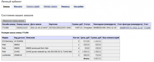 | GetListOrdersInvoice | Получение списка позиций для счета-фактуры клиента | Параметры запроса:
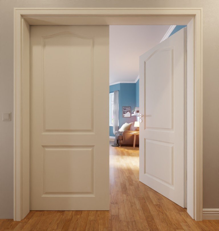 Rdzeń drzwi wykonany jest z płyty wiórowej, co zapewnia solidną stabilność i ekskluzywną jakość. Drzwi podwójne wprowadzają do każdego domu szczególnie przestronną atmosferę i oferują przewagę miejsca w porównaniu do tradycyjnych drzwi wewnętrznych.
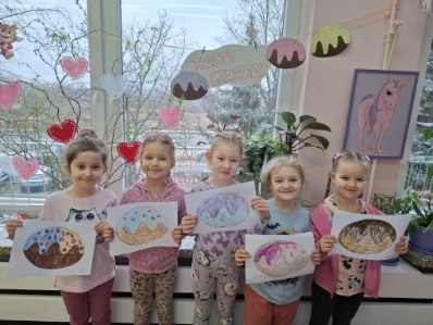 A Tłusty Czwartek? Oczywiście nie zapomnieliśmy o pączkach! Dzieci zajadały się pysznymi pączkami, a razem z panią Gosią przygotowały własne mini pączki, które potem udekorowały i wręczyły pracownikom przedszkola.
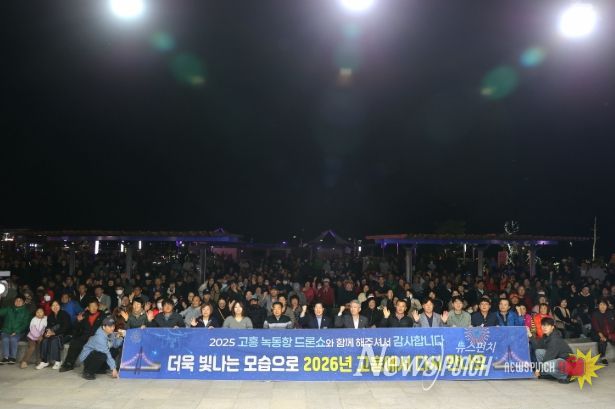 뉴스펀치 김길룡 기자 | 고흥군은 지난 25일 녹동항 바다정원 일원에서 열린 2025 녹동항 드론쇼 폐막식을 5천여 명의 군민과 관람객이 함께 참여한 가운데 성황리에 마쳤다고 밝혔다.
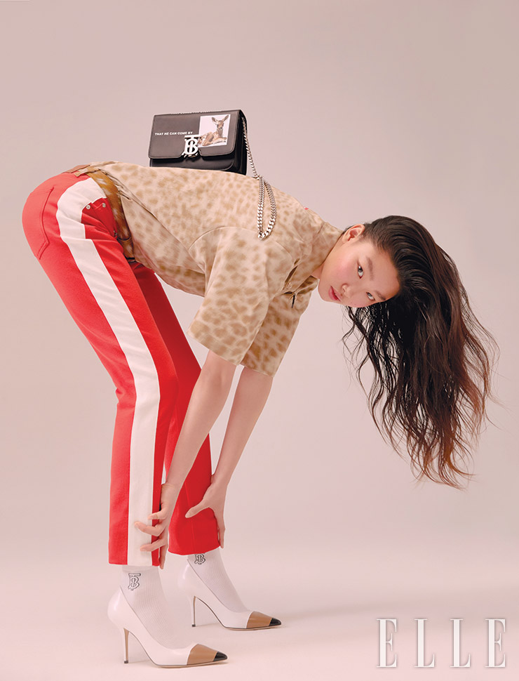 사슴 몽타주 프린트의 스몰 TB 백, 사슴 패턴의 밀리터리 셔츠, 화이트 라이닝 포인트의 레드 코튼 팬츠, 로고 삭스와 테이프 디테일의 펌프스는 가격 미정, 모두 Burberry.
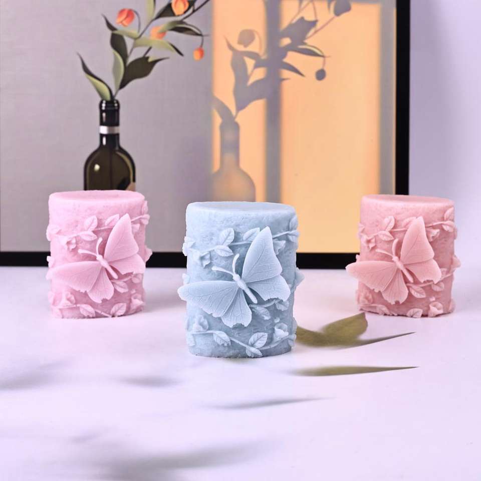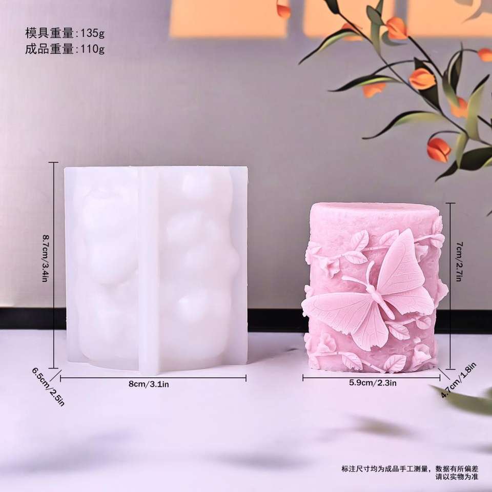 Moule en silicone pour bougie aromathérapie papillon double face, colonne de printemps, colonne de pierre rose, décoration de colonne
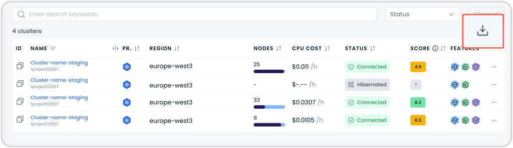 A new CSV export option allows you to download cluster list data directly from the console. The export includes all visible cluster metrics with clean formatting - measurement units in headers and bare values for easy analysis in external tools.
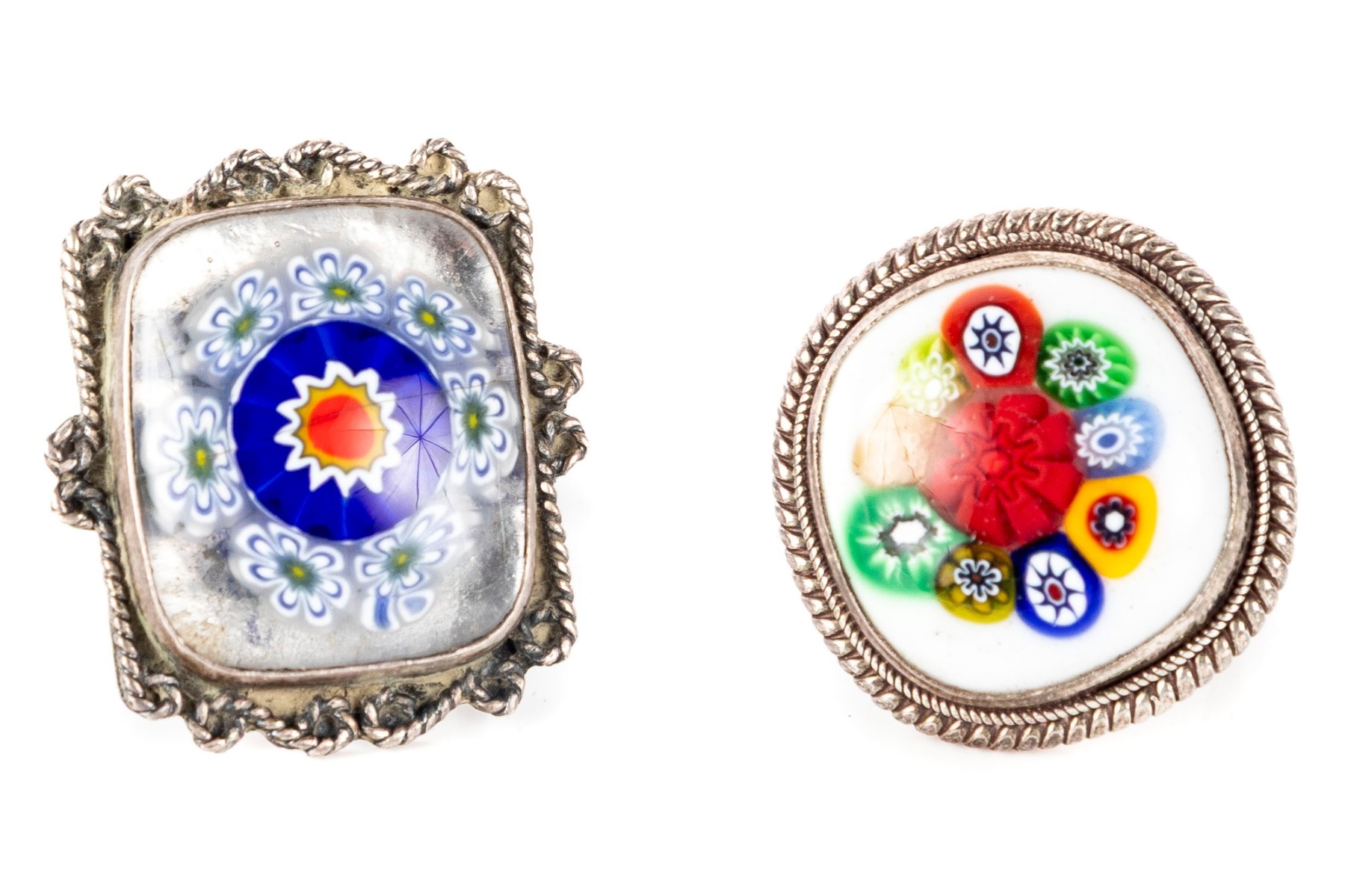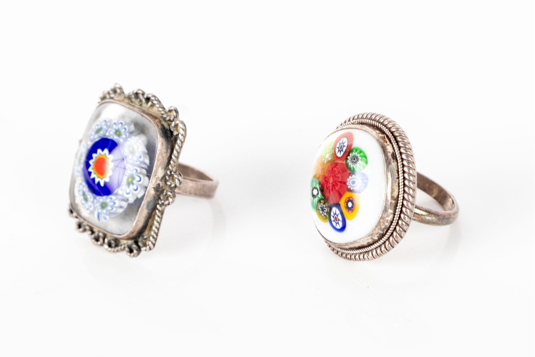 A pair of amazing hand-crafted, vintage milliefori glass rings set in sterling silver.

◇ ◇ ◇

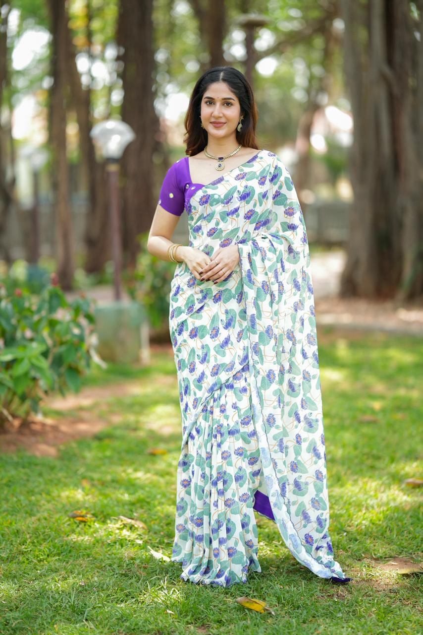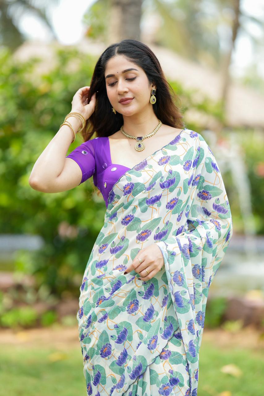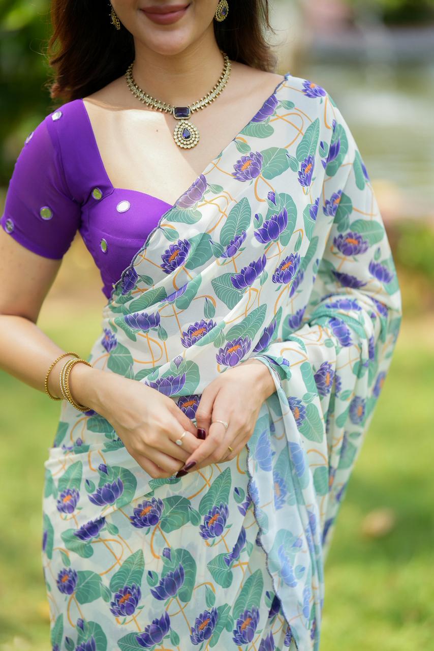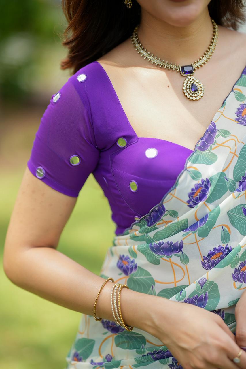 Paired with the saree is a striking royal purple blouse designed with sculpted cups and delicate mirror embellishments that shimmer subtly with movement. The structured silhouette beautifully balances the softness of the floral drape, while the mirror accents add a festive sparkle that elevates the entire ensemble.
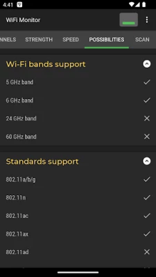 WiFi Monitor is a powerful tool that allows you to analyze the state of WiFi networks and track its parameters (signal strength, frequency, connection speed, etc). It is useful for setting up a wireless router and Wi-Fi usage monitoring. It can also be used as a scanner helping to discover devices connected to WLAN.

◇ ◇ ◇

→ Exercise
With pictures excluded, reproduce exactly the lines above from the one containing "A new CSV export" down to the one containing "A pair of amazing", those two included.

→ Solution to this problem
 A new CSV export option allows you to download cluster list data directly from the console. The export includes all visible cluster metrics with clean formatting - measurement units in headers and bare values for easy analysis in external tools.
 A pair of amazing hand-crafted, vintage milliefori glass rings set in sterling silver.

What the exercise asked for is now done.